History Tasmania is ideally situated to make malt whisky, and yet 150 years after the last licenced Tasmanian distillery closed its doors, it took a whisky lover to realise the environment was perfect. Bill Lark realised that everything you need for a world-class whisky was in Tasmania – rich fields of barley, an abundance of wonderfully pure soft water, highland peat bogs, and the perfect climate to bring all the ingredients together in a marriage of science, art and passion.
The vision of producing Tasmanian malt whisky was born on a trout fishing trip in the highlands of Tasmania.
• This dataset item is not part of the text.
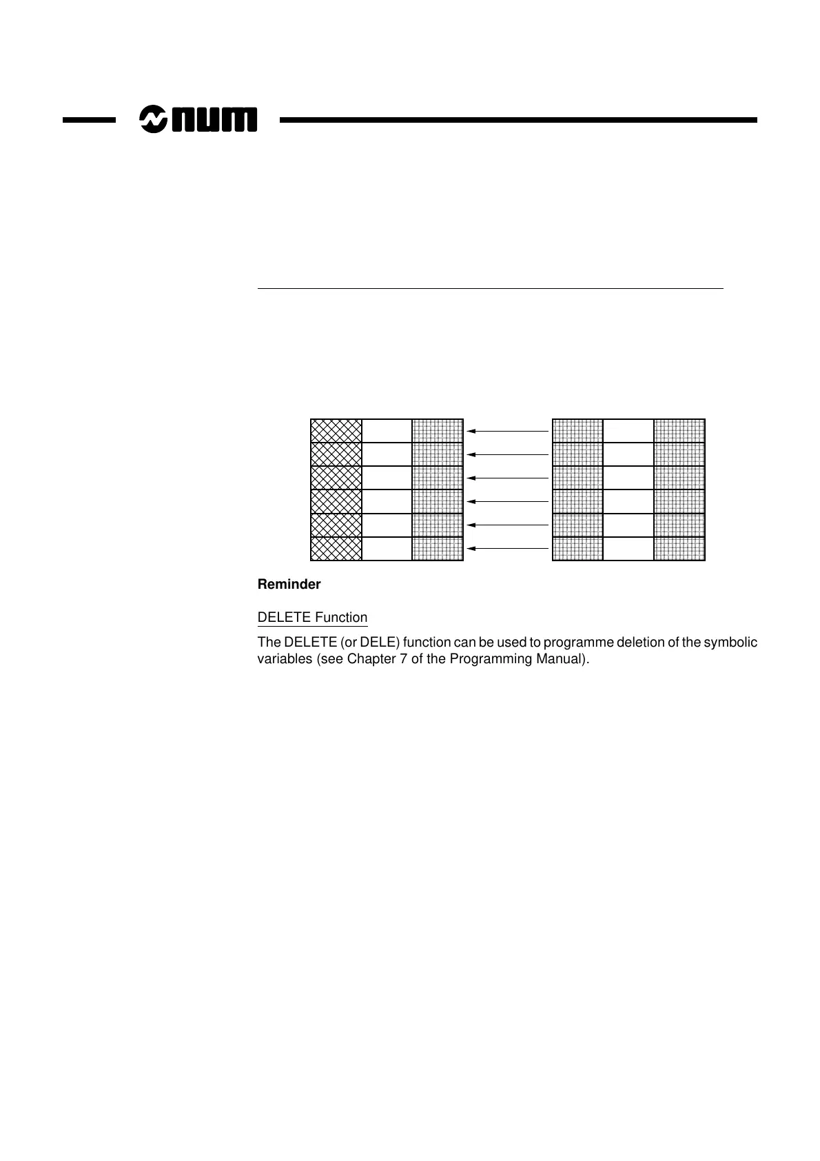 The DELETE (or DELE) function can be used to programme deletion of the symbolic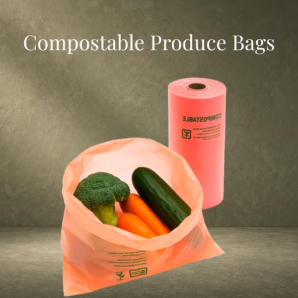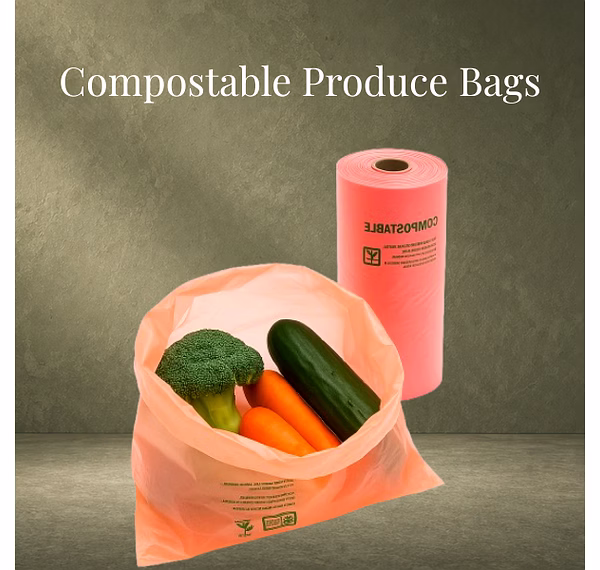 Compostable fresh produce bags designed for eco-friendly packaging of fruits and vegetables. Suitable for bulk supply, these biodegradable bags offer a sustainable alternative to plastic for retail, supermarkets, and food distribution.

Bill’s father-in-law Max produced a wonderful bottle of single malt, and as they enjoyed a drink in the park at Bothwell, surrounded by Georgian buildings, barley fields and the gentle flowing of the Clyde River, Bill remarked to Max, “I wonder why there isn’t anyone making malt whisky in Tasmania”.
Lark Distillery began as a family affair. Bill’s wife Lyn, and daughter Kristy, have played an integral part in growing the business. When Kristy joined the team as head distiller, she was one of the world’s youngest female distillers. Women are known for their ability to distinguish flavours and this superior talent in both Lyn and Kristy has given Lark products a notable edge.
Today the Lark Distillery is one of Australia’s leading distilleries, producing high quality, premium spirits using traditional time honoured methods. The Distillery runs an 1800 litre copper pot still along with a 500 litre spirit still. The range of distilled products includes the flagship Lark Single Malt Whisky and Forty Spotted Rare Tasmanian Gin.